Rigetti Computing's stock plummeted by 5.08% on Wednesday, as Wall Street analysts and investors expressed concerns over the unsustainable hype surrounding quantum computing stocks.
The quantum computing company, which develops superconducting quantum processors and related services, had seen its shares surge by over 800% in the past six months, fueled by speculation that its technology could revolutionize industries like artificial intelligence and drug development.
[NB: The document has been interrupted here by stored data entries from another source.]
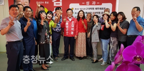 이어 필승을 외치며 당선을 확신한다는 구호를 제창하고 김석환 군수후보와 기념사진 촬영을 했다.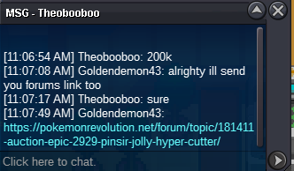 6. Bought by Hanine for 800k Insta = 800k bought by Hanine Auction Ended Accepted payments: Pokedollars cc = 350k rr = 750k Rare candy = 7k (edit) Master Ball = 40k (edit) Discord = Goldendemon43#4343
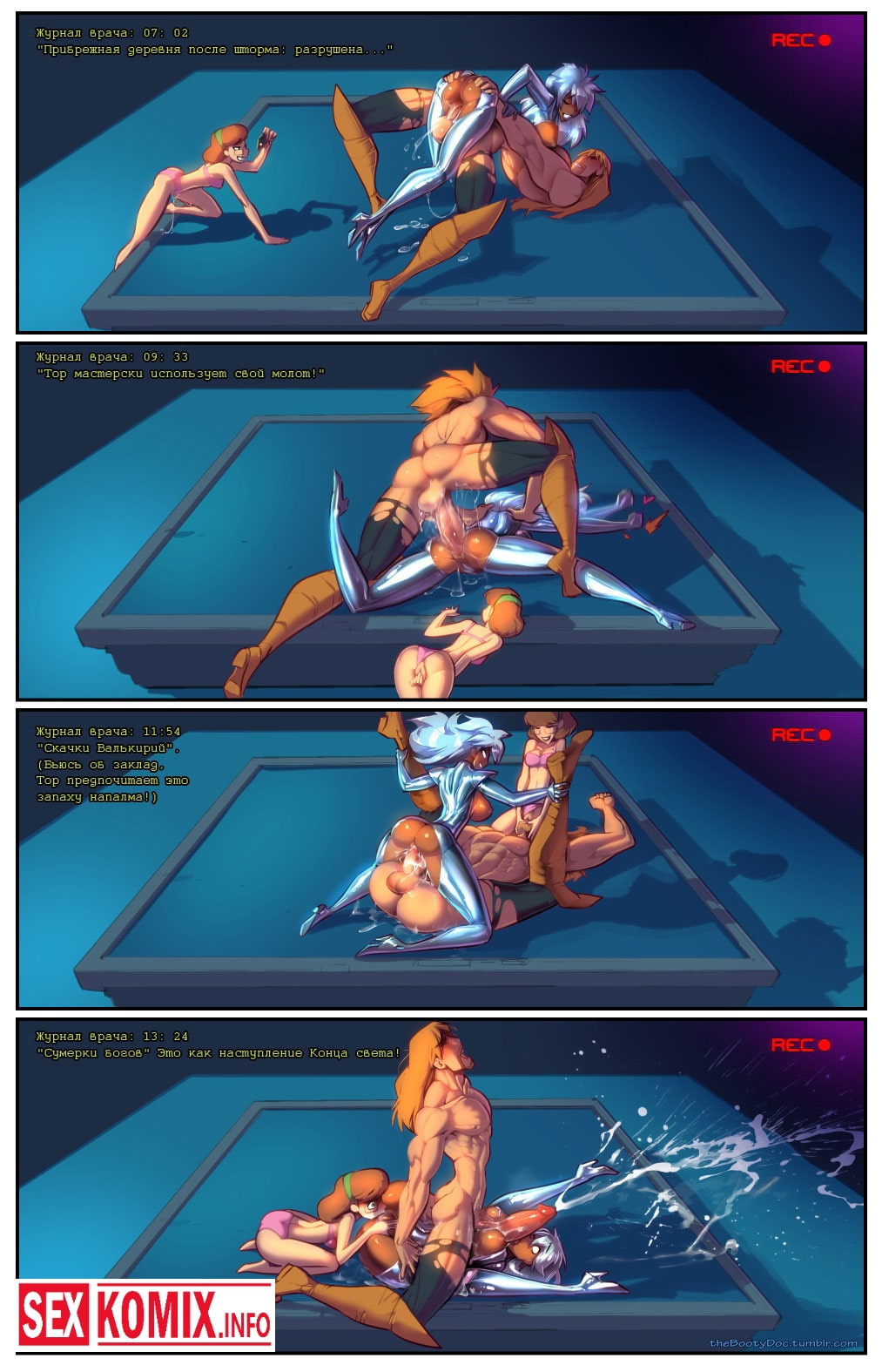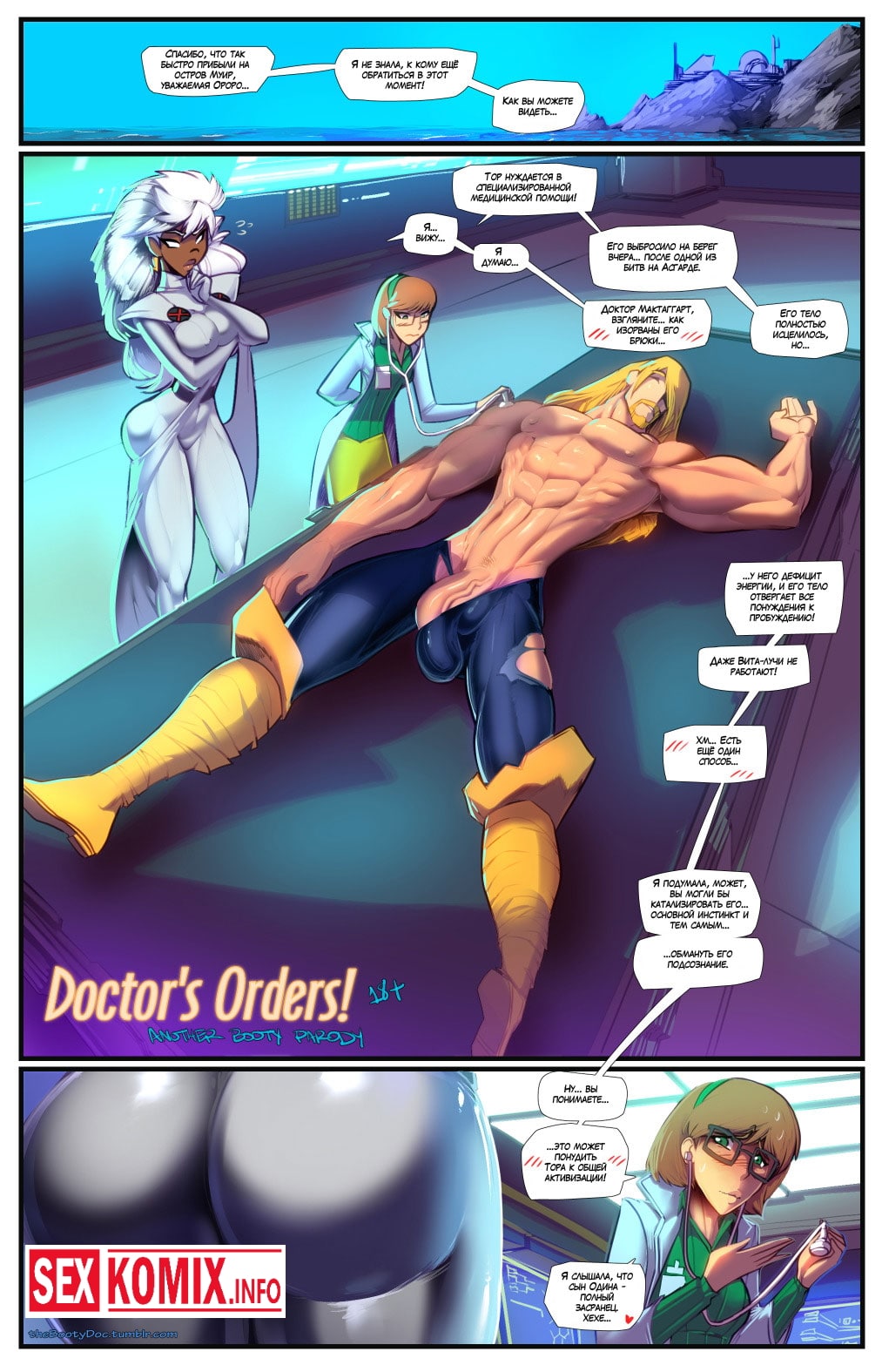 Порно комикс Предписание доктора. Гроза из людей Икс нашла раненого супер героя и доставила его в штаб, будучи хорошим врачом, она осмотрела пациента. Женщина решила, что ему нужен особый уход и внимание, к такому заключению она пришла после того, как увидела его огромный член. Гроза начала сосать его и пострадавший очнулся, это настоящая работа профессионала.
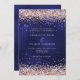 Invitation Rose bleu marine parties scintillant d'or mariage

However, a report by Needham analyst Quinn Bolton poured cold water on the rally, setting a price target of $2 for Rigetti Computing, implying a potential 80% decline from its recent highs. Bolton cited several reasons for the cautious outlook:
First, history has shown that next-big-thing investments often experience bubble-bursting events as lofty expectations fail to materialize in the short term. Quantum computing, despite its promising potential, is still in its early stages and faces challenges in scalability and mainstream adoption.
Second, Rigetti Computing and its peers have yet to demonstrate sustainable operating models, with ongoing net losses and significant cash burn. The company lost $48 million in the first nine months of 2024 and saw its cash burn from operations increase year-over-year.
Bolton's bearish stance echoed concerns raised by CNBC's Jim Cramer, who warned investors against getting overexposed to the "froth" in quantum computing stocks, labeling them as "the worst of the excess."